Chaise roulante plantée dans le sable, Juliette, 84 ans, "a très froid". Elle vient tout juste d'être évacuée par bateau de sa maison de retraite, cernée par la crue centennale de la Seine, simulée depuis près d'une semaine par la préfecture de police de Paris.
A ses côtés, une poignée d'autres pensionnaires, allongés sur des civières et enveloppés dans des couvertures de survie, sur une plage du parc de la Plage bleue, à Valenton, lieu de l'exercice dans le Val-de-Marne.
Un pompier s'enquiert: "Ça va? Pas froid?". "On va vous conduire à un poste médical avancé", leur annonce un deuxième.
Hypothermies, fractures, douleurs thoraciques et lombaires, arrêts cardio-respiratoires: les fiches de soins factices distribuées aux naufragés n'oublient aucune urgence.
Sur le papier, le chauffage de la maison de retraite s'est arrêté depuis plus de 24 heures et ses occupants, octogénaires pour les plus jeunes, souffrent de stress et de fatigue.
Dans la vraie vie, Juliette et ses compagnons d'infortune n'ont pas une ride et leurs lèvres tremblent pour de faux: âgés de 14 à 17 ans, ils sont en formation chez les jeunes sapeurs-pompiers de Paris. Et les berges du plan d'eau, qui domine cet écrin de verdure de 40 hectares, ne sont pas menacées, pas davantage que les oies bernaches, qui barbotent paisiblement.
Mais pour les 400 personnes (organisateurs, secouristes, victimes) qui participent à ce sauvetage grandeur nature, c'est la phase critique du scénario: la crue virtuelle de la Seine, entamée lundi, atteint son pic ce week-end.

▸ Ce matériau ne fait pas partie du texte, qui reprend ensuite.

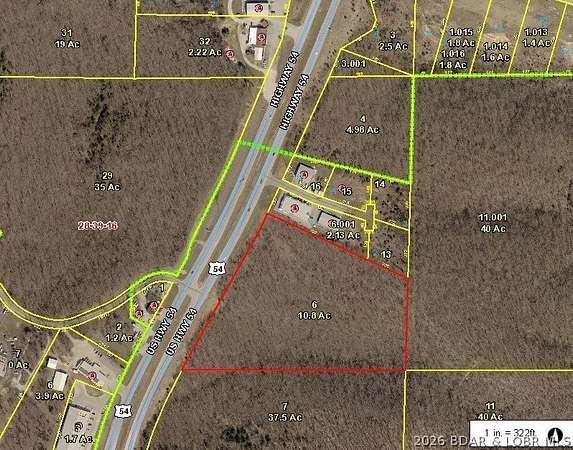 Prime Highway 54 Commercial Opportunity - Osage Beach. Outstanding opportunity to own high-visibility commercial land on Highway 54 in Osage Beach, one of the most traveled corridors at Lake of the Ozarks with approximately 20,000 vehicles passing daily. This highly visible property offers over 840 feet of Highway 54 frontage and 11.62 acres (per appraisal), providing exceptional exposure and development potential. Zoned B-2 (General Commercial) in Camden County, the property supports a wide range of commercial uses and is surrounded by established, active businesses including HMI and nearby Executive Offices, with Mi Gusto Es Mexican Restaurant located directly across the highway. The site also benefits from both eastbound and westbound access to Highway 54, making it easily accessible for customers and deliveries. Ideally positioned between Osage Beach and Camdenton, this location provides strong traffic counts, excellent visibility, and flexible development opportunities for retail, office, hospitality, or service-based businesses. Possibility of being annexed into the City limits with access to water and sewer. (Call for details) Agent owned.
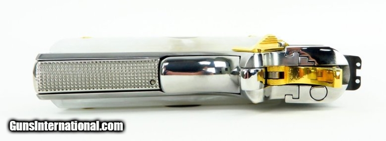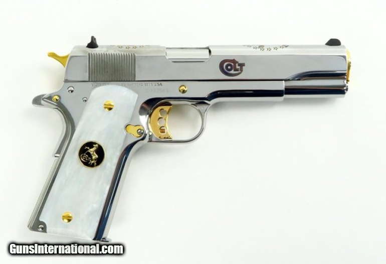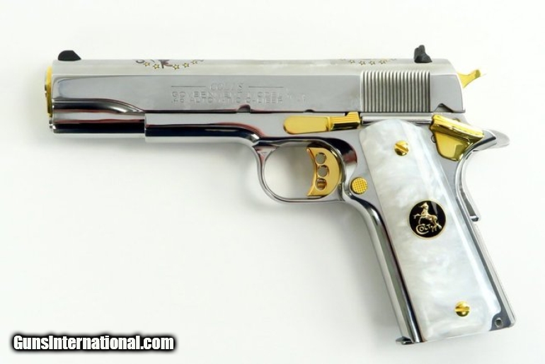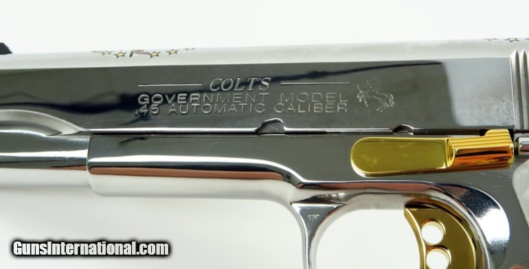 Colt Government .45 ACP caliber pistol. Gold Stallion special edition with bright stainless finish, gold etched decorations, and gold trim. A fancy piece, ready for the barbeque.

Pris au piège par une montée des eaux dépassant les huit mètres, des habitants d'une zone pavillonnaire fictive de Valenton sont contraints de se réfugier sur le toit de leur maison. D'autres sont emportés par les flots.
Deux hélicoptères de l'armée et un autre de la Sécurité civile surgissent alors, pales vrombissantes, pour les hélitreuiller, un par un, dans un ballet spectaculaire, sous les yeux du préfet de police Michel Cadot.
- L'enjeu, la coordination -
Évacuation des victimes, soins des blessés selon la gravité de leur état, prise en charge médicale: "une crue demande une réponse globale", explique le directeur de l'exercice, Gauthier Delaforge, commandant chez les sapeurs-pompiers de Paris.
La plage où sont débarqués les faux naufragés se mue en ruche. Pêle-mêle, se croisent pompiers, bénévoles de la Croix-Rouge, de la Protection civile ou de l'Ordre de Malte et même des plongeurs espagnols de la Guardia Civil, venus prêter main forte pour cet exercice européen.
"Les savoirs techniques, on les a. Ce qu'on teste ici, c'est notre capacité à nous coordonner", résume le lieutenant-colonel Michel Rimélé, responsable des opérations de secours. "Une victime, il faut l'évacuer et la soigner mais aussi la mettre au chaud, la nourrir. Tous les rouages doivent s'imbriquer avec un maximum d'efficacité."
Pour faire face à la pénurie d'eau due à l'inondation, une unité de traitement de l'eau a été mise en route dès 07H00. Elle peut produire jusqu'à 200.000 litres d'eau potable par jour, assez pour 20.000 personnes.
Les exercices de terrain se poursuivent dimanche avec notamment le sauvetage d'une péniche accidentée sur le bassin de la Villette à Paris ou la recherche de personnes bloquées dans leurs voitures dans le canal Saint-Denis.
L'opération Sequana, qui dure quinze jours, se déroule dans cinq départements franciliens avec 900 sauveteurs et 87 institutions et entreprises (Assistance publique-Hôpitaux de Paris, EDF, SNCF, opérateurs téléphoniques, Total, Veolia…). La Seine doit commencer sa décrue à partir de lundi, jusqu'à la fin de l'exercice vendredi.